There are a few problems with your code. #TokenMacGuy has identified one, which is that you're appending your results onto the end of the output file, rather than overwriting the previous values.
There is a more fundamental issue though. When you run the highscores function, you are always starting with an empty high score list. You then add a single score to it, and write it out. With this structure, you will never have more than one score being written at a time (and so even if you get it to read back what you've written properly, it will only get a 1-element list).

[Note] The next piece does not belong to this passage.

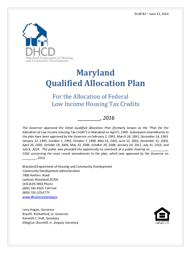 Draft #2 June 13, 2016Maryland Qualified Allocation Plan For the Allocation of Federal Low Income Housing Tax Credits ___, 2016 The Governor approved the initial Qualified Allocation Plan (formerly

What you need to do is add some code to load the high score list from your file at the start of the function, before you add the new value. You need to put in a special case for when there is no previous high score file, but that's not too dificult with a try/except block. Here's some abbreviated code:
def high_score():
try:
with open("pickles1.dat", "rb") as f:
high_scores = pickle.load(f)
except FileNotFoundError:
high_scores = []
# do current stuff for adding a new score, sorting and slicing
with open("pickles1.dat", "wb") as f: # "wb" mode overwrites the previous file
pickle.dump(high_scores, f)
# do other stuff, like displaying high_scores
A benefit to this approach is that you don't need to reread the file later if the user asks for it, since the high_scores list will be up to date already.